Genetic variants also associated with other diseases
The researchers also identified other genetic variants that are quite useful in understanding migraine. One is almost exclusively present in one family in Iceland and is virtually synonymous with developing migraine, whereas other genetic variants only slightly increase the risk.
In addition, this genetic variant is also associated with an increased risk of developing Parkinson’s disease.
The researchers also found that another genetic variant was associated with an increased risk of developing migraine, and it was also associated with developing epilepsy.
Thomas Folkmann Hansen imagines that one type of mutation in this gene destroys some of the function, leading to migraine, whereas another type completely collapses the gene, and then it can be expressed as epilepsy.

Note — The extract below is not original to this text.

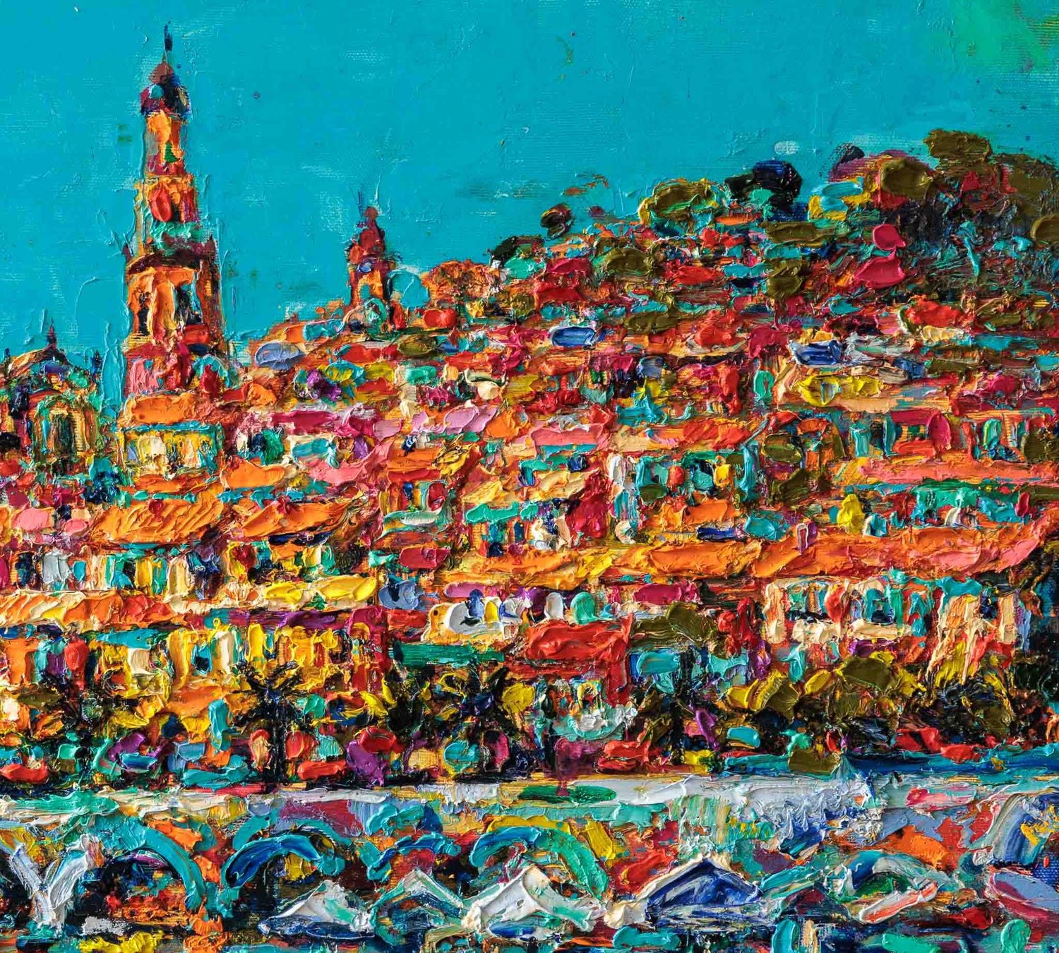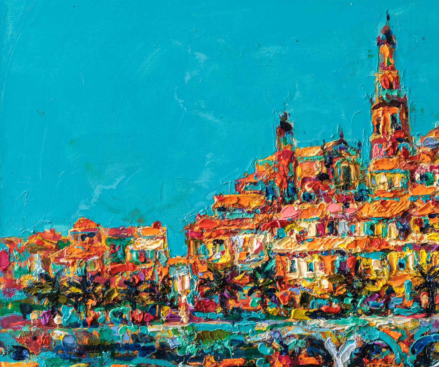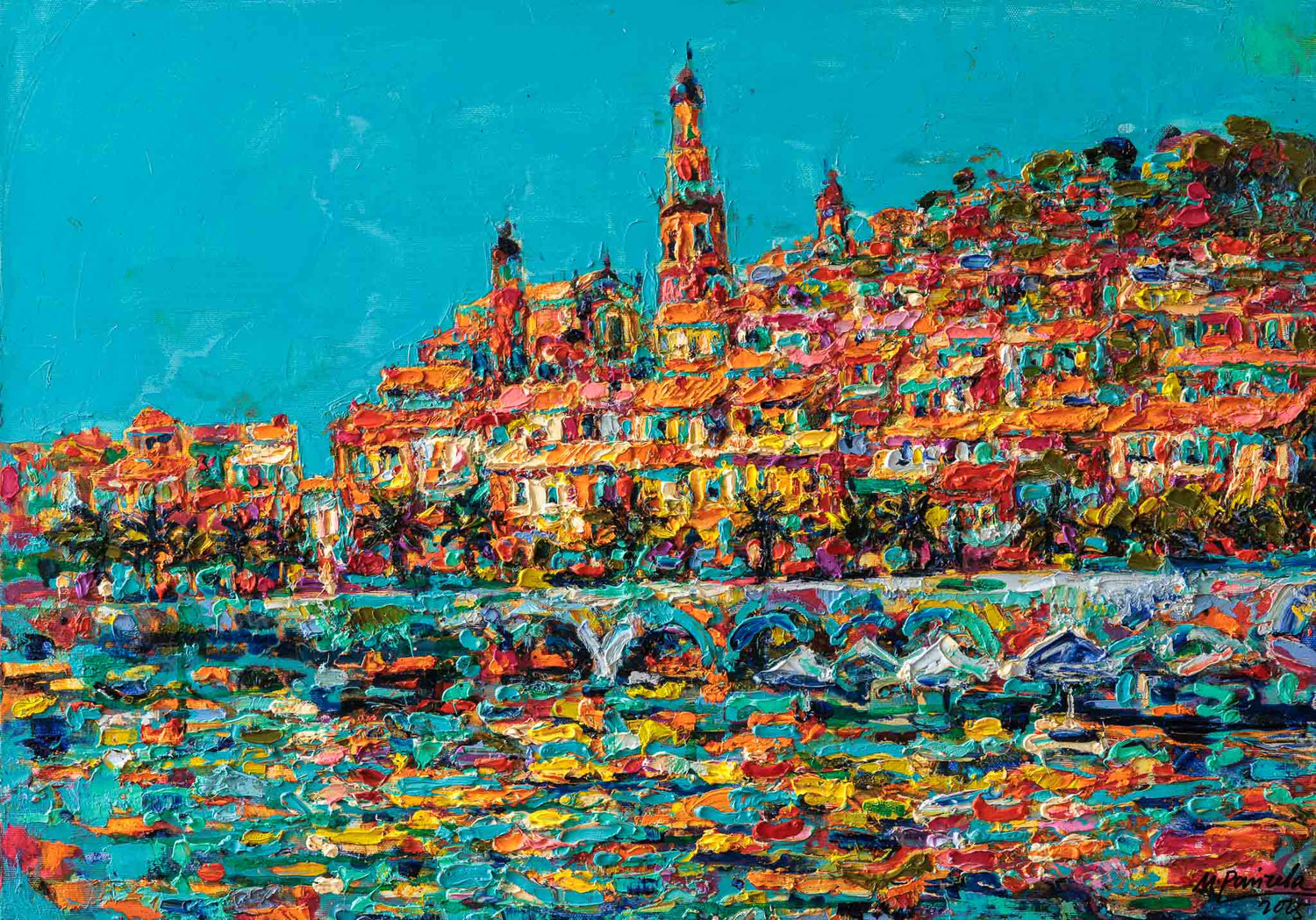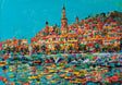 Крайбрежният град се разгръща като сияеща цветна тераса над морето. Наситените мазки изграждат архитектурата в ритъм от охри, розови и тюркоазени тонове, които се отразяват във водата като трептяща мозайка. Композицията излъчва светлина, жизненост и средиземноморска лекота — пейзаж, в който цветът носи основното настроение.

“The research associates migraine with epilepsy in a new way. We hope that the existing treatments for people with epilepsy can be slightly modified and thereby improve migraine,” adds Thomas Folkmann Hansen.
Avenues for potential treatment
Thomas Folkmann Hansen imagines that the new knowledge could be relevant in both clinical and research settings.
A blood sample from people with migraine will probably provide relevant information about their subtype based on the genetic variants identified.
This study may also influence individual treatment. People with migraine without aura have good treatment options but not those who have migraine with aura.
However, analysing genetic variants can rapidly begin to determine whether a specific treatment will work for an individual, who can then receive treatment so that the doctors can focus more on the people for whom good treatments are not yet available. These are the treatments that the new study can help to promote.
Categorising people with migraine may be relevant in various clinical studies to investigate new treatments for people with migraine with aura.
The study also found genetic variants in many genes that could influence developing migraine and can therefore be promising drug candidates for future development.
“We are obtaining greater insight into improving treatment for the large subgroups of people with migraine with or without aura but also into how to treat the rarer forms of migraine, including with modified drugs that were originally developed for Parkinson’s or epilepsy,” concludes Thomas Folkmann Hansen.